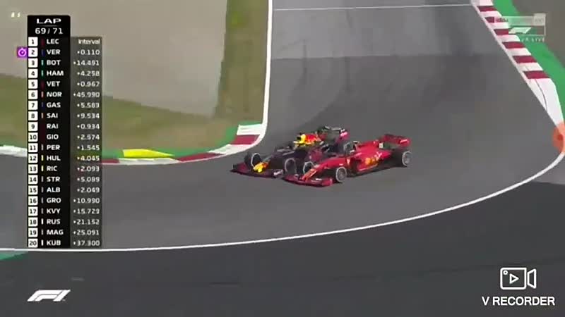De overwinning is nog even in gevaar vanwege de inhaalactie op Leclerc, waardoor er nog even door de leiding wordt gekeken, maar de prestatie is er niet minder om.
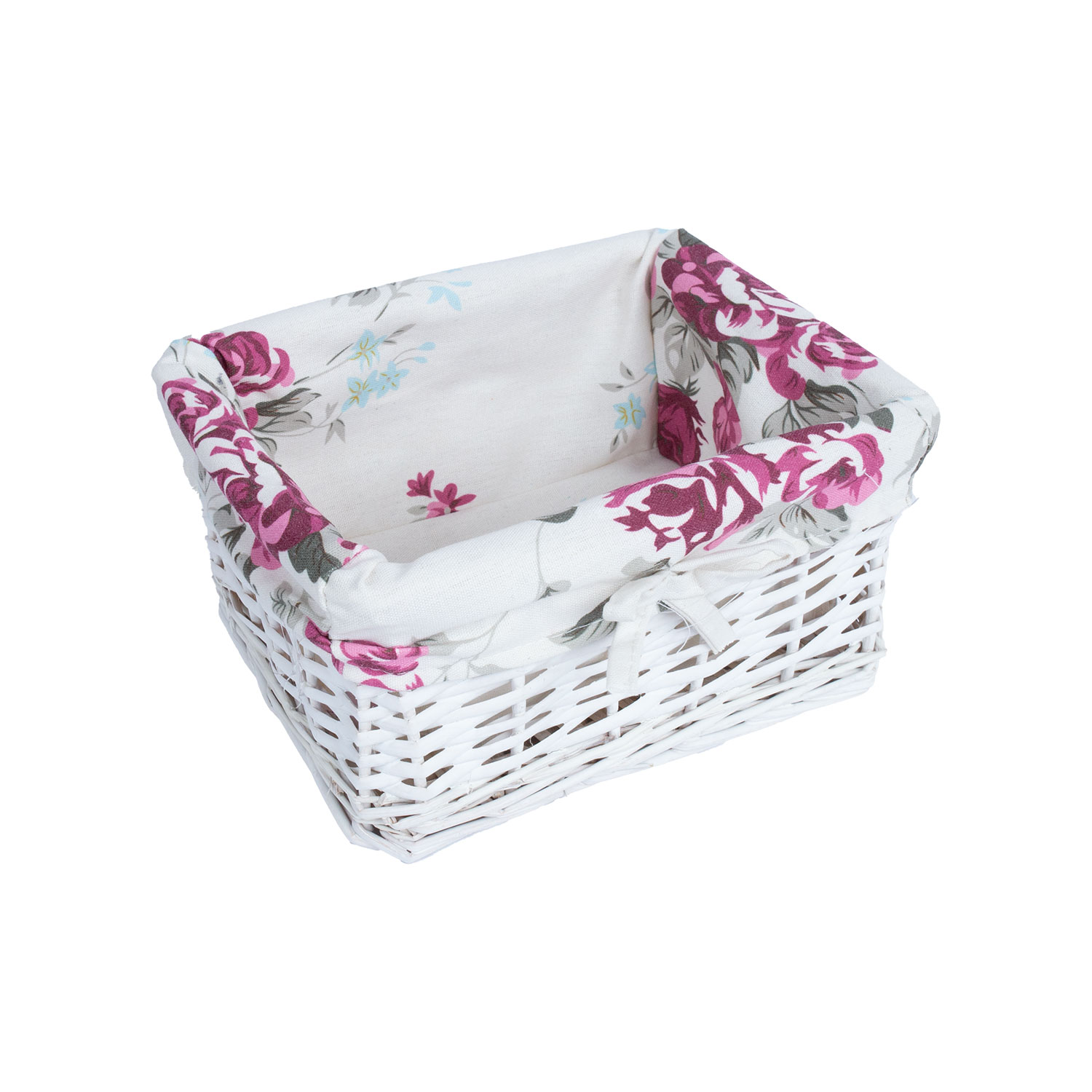 Krepšelio medžiaga: natūrali pintinė, dažyta baltai. Tekstilės pamušalas: medvilnė su gėlių raštu.
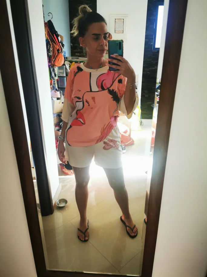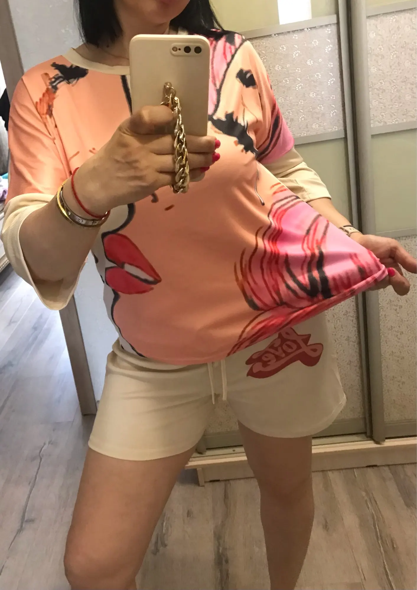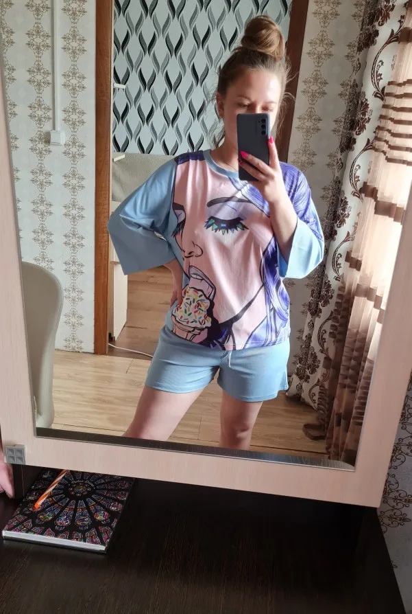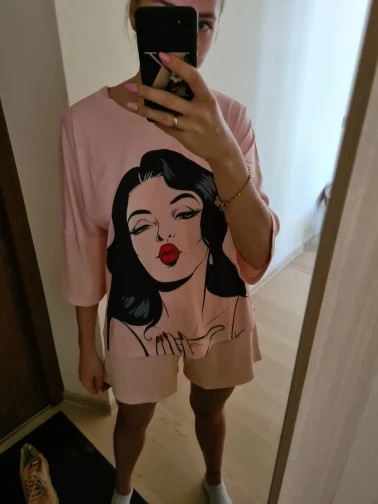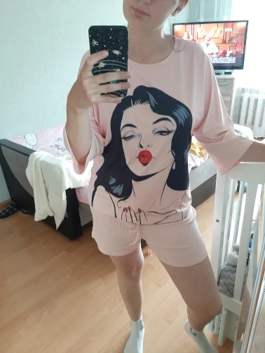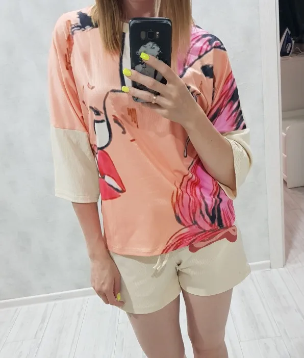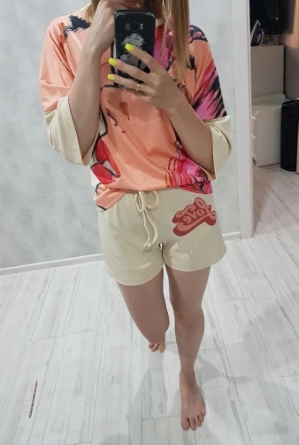 Костюм чудовий,поки жарко то ношу тільки шорти,вони досить вільно сидять. Раджу брати на розмір більший свого щоб було вільніше на тілі. Єдине я думала що рукава будуть прямі а вони розширяються трішки. Кофта підійде на більш прохолодну погоду. А так мені і тканина і фасон сподобались.

======

▶ _Required work_
"Krepšelio medžiaga: natūrali" marks the first line to be returned; return exactly that line and every line after it through the last line of the listing, omitting pictures.

▶ _Reply_
 Krepšelio medžiaga: natūrali pintinė, dažyta baltai. Tekstilės pamušalas: medvilnė su gėlių raštu.
 Костюм чудовий,поки жарко то ношу тільки шорти,вони досить вільно сидять. Раджу брати на розмір більший свого щоб було вільніше на тілі. Єдине я думала що рукава будуть прямі а вони розширяються трішки. Кофта підійде на більш прохолодну погоду. А так мені і тканина і фасон сподобались.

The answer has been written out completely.